Data extracts below:
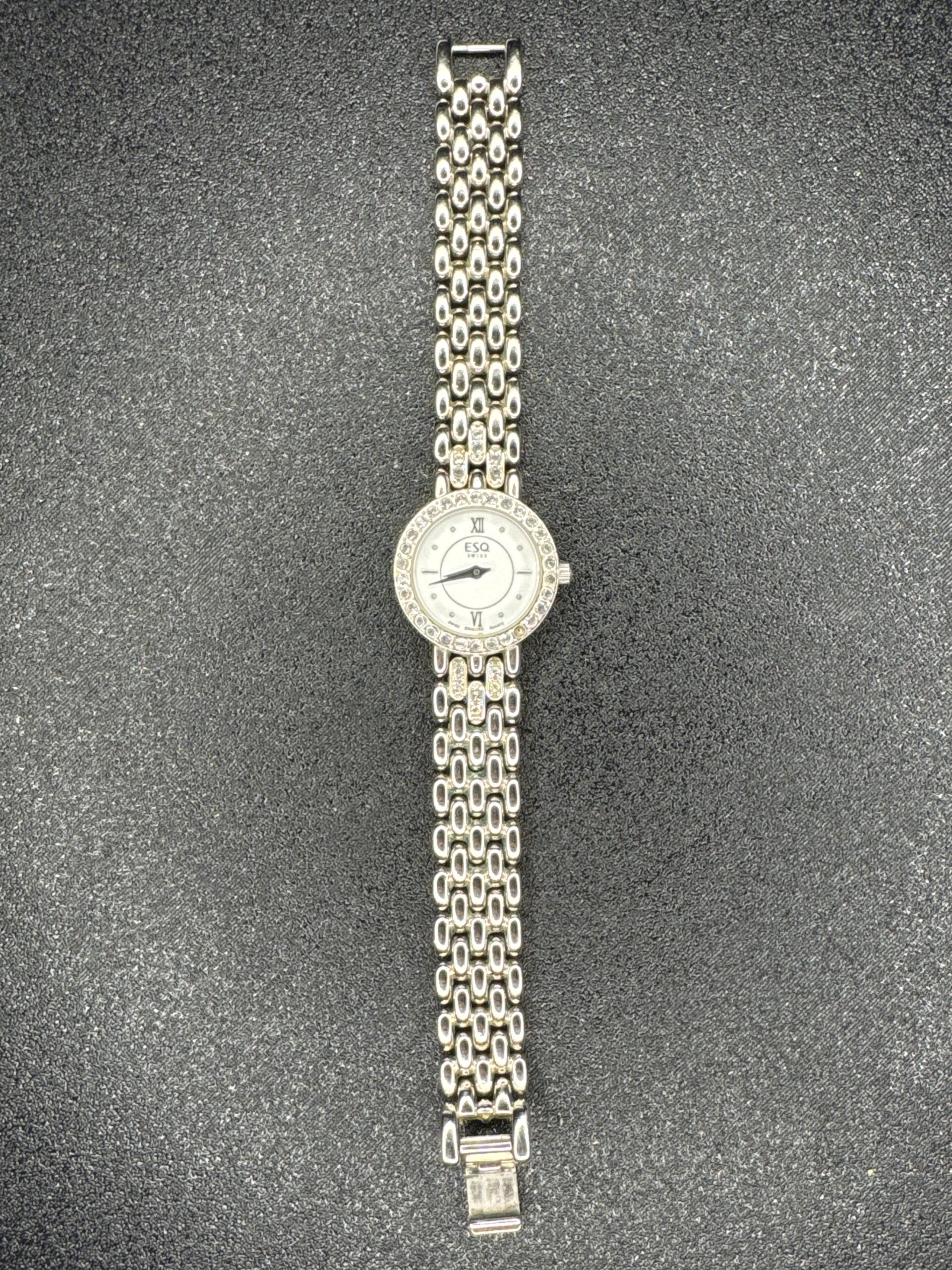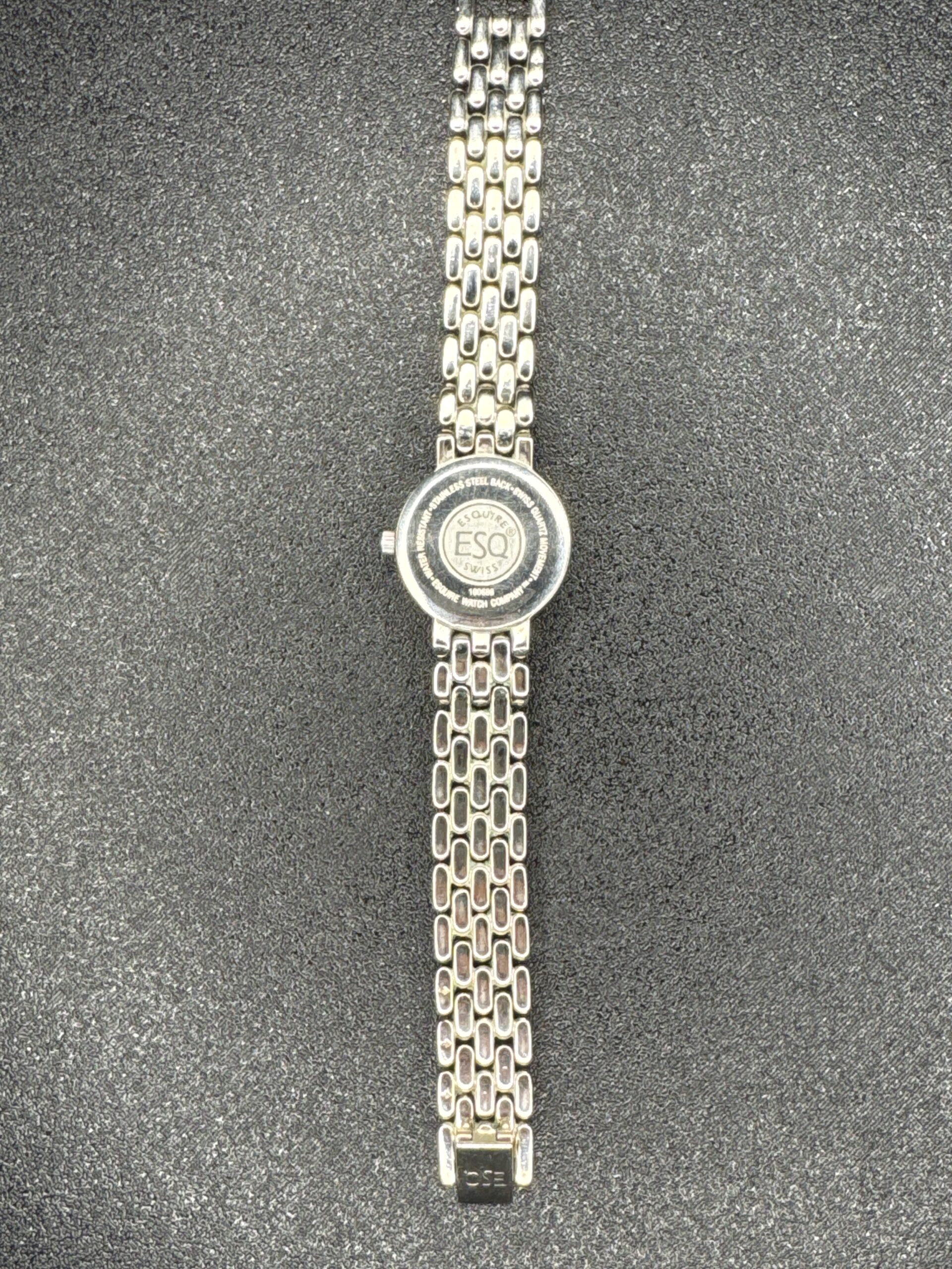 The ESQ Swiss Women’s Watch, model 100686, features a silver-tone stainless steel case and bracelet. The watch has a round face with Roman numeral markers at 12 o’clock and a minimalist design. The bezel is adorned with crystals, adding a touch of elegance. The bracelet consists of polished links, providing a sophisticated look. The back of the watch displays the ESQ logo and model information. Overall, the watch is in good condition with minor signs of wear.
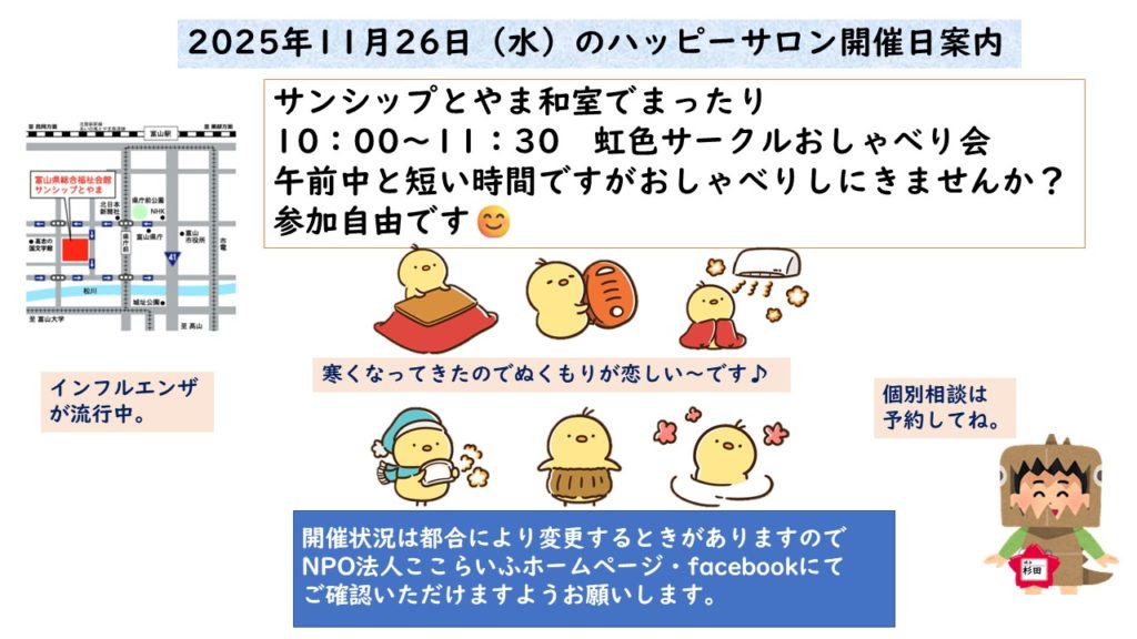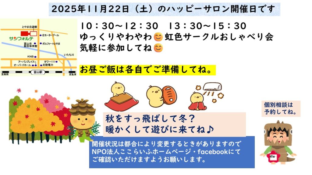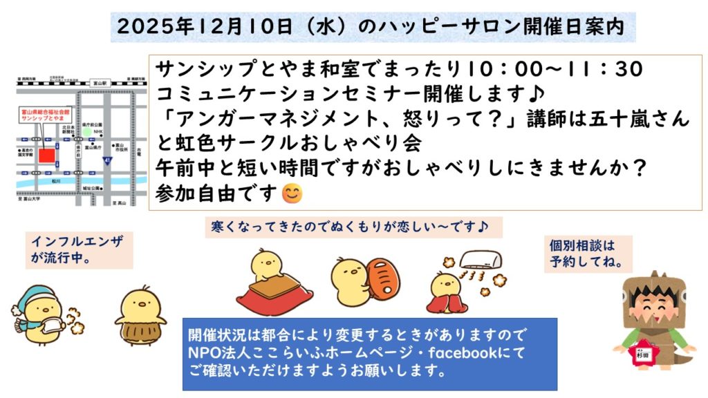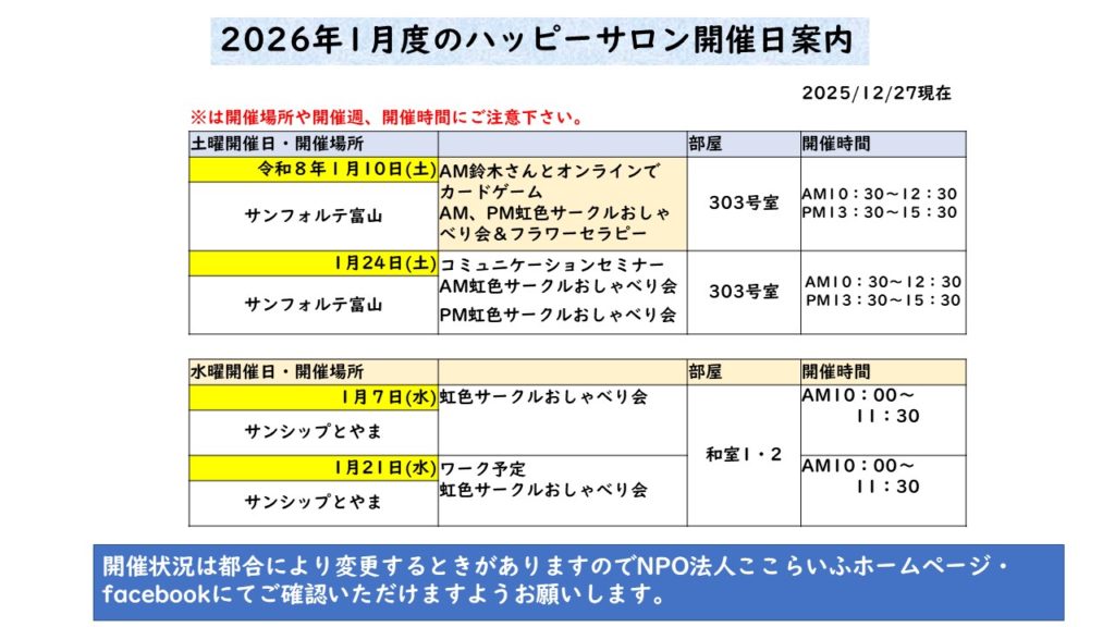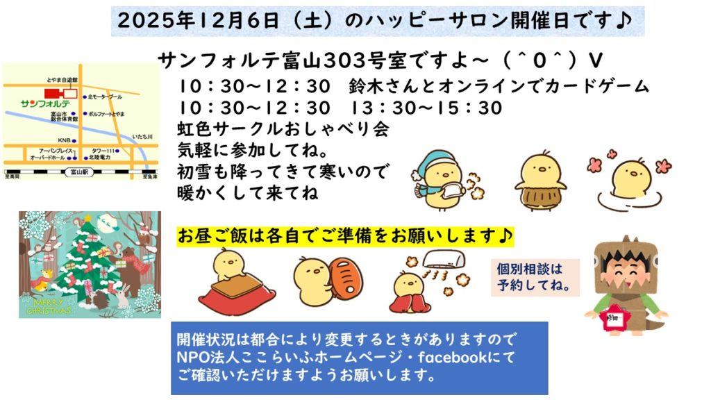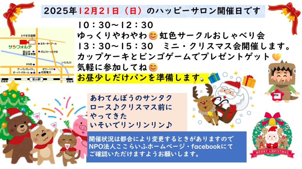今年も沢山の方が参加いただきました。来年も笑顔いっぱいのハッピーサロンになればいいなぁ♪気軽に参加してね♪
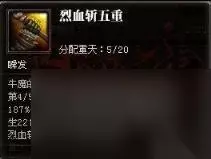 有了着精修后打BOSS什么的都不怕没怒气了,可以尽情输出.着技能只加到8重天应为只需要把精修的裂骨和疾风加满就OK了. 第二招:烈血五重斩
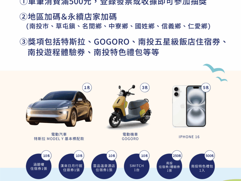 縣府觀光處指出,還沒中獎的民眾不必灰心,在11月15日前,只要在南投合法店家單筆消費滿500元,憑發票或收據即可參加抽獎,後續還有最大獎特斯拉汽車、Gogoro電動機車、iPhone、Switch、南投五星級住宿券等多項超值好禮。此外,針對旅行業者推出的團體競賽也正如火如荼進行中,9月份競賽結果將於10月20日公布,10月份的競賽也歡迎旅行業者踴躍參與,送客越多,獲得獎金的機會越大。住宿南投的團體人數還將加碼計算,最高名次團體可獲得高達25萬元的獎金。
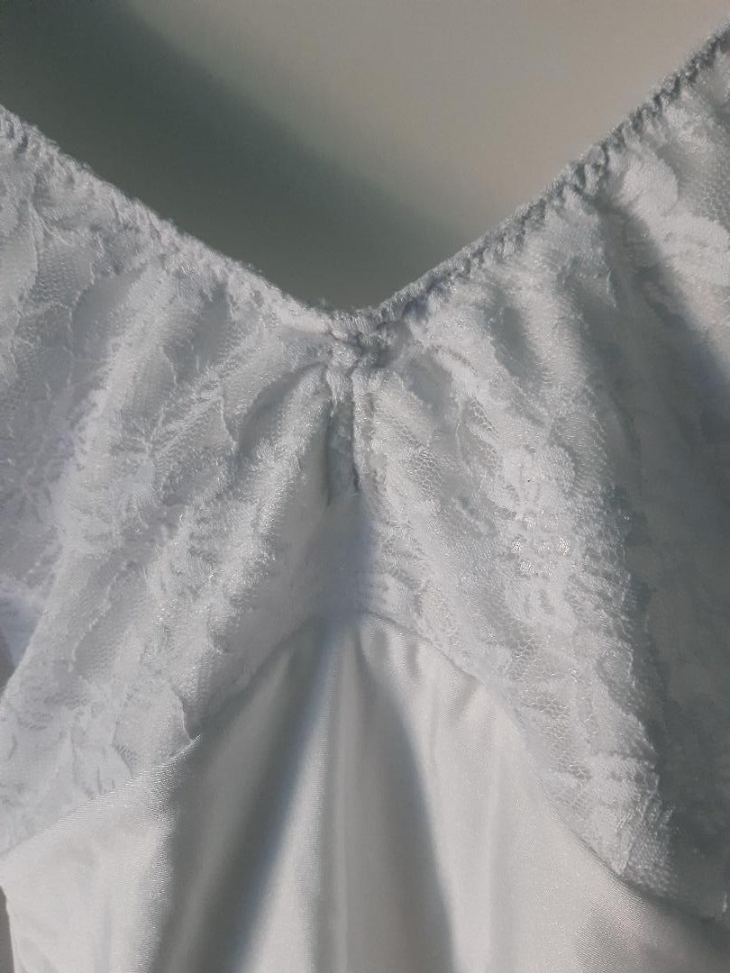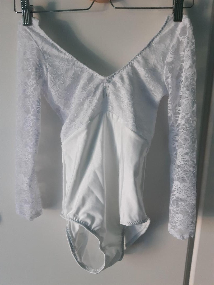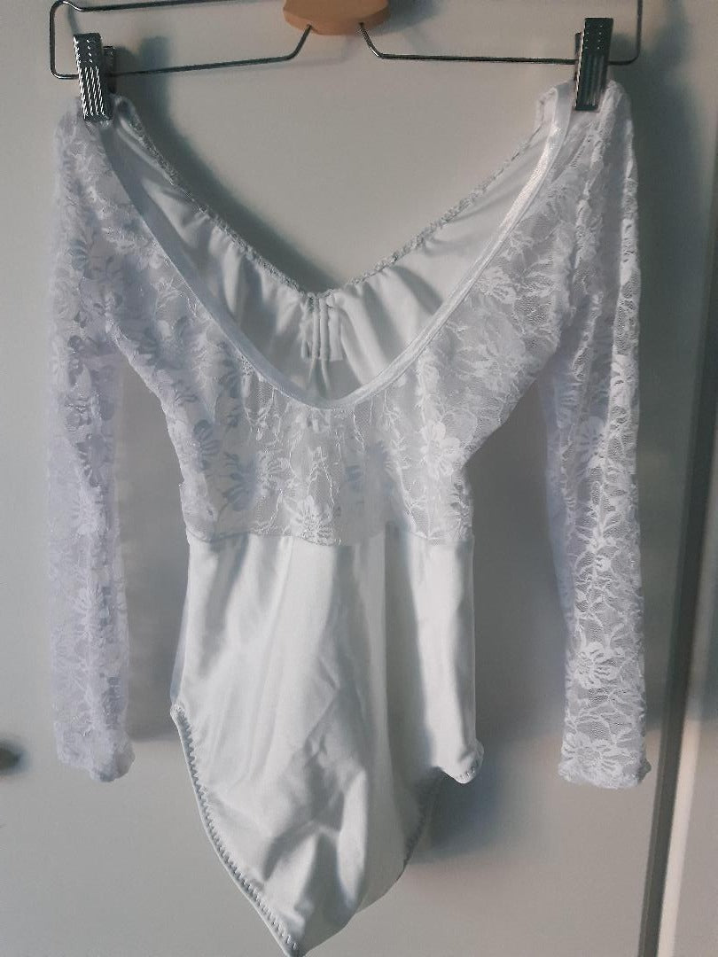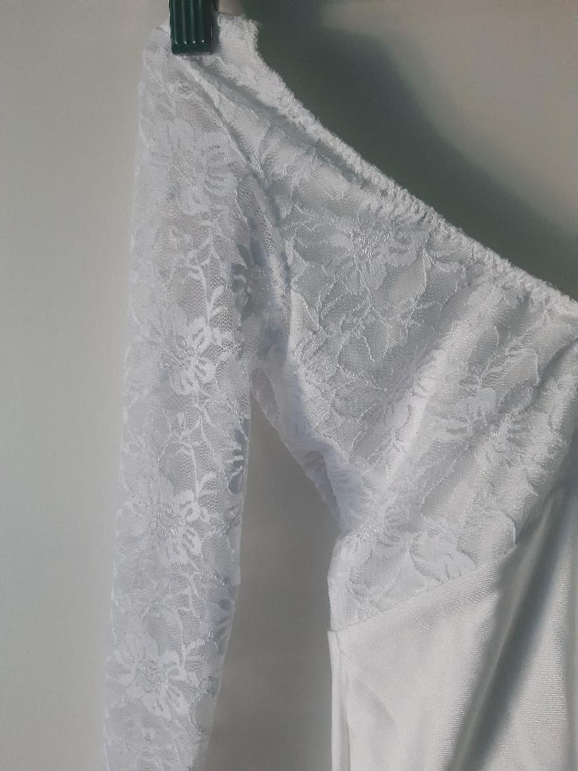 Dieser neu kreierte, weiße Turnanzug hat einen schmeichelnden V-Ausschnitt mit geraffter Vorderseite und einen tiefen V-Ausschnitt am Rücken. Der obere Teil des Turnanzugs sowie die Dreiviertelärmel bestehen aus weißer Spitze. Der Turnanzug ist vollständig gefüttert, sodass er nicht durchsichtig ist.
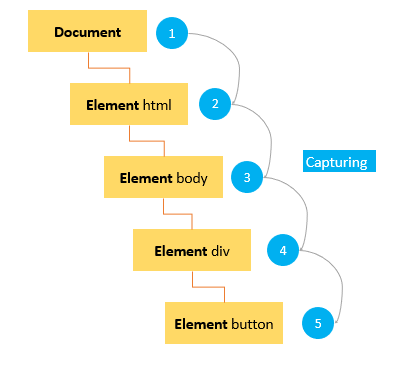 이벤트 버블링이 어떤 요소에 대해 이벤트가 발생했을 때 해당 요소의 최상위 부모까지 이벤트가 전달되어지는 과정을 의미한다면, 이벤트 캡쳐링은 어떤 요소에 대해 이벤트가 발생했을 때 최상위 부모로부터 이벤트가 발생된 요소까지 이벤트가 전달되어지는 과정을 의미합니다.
End of Data extracts.
Task to carry out: What you write must match the listing exactly, from the line with "有了着精修后打BOSS什么的" up to and including the line with "縣府觀光處指出,還沒中獎的民". Pictures stay out.

Answer box:
 有了着精修后打BOSS什么的都不怕没怒气了,可以尽情输出.着技能只加到8重天应为只需要把精修的裂骨和疾风加满就OK了. 第二招:烈血五重斩
 縣府觀光處指出,還沒中獎的民眾不必灰心,在11月15日前,只要在南投合法店家單筆消費滿500元,憑發票或收據即可參加抽獎,後續還有最大獎特斯拉汽車、Gogoro電動機車、iPhone、Switch、南投五星級住宿券等多項超值好禮。此外,針對旅行業者推出的團體競賽也正如火如荼進行中,9月份競賽結果將於10月20日公布,10月份的競賽也歡迎旅行業者踴躍參與,送客越多,獲得獎金的機會越大。住宿南投的團體人數還將加碼計算,最高名次團體可獲得高達25萬元的獎金。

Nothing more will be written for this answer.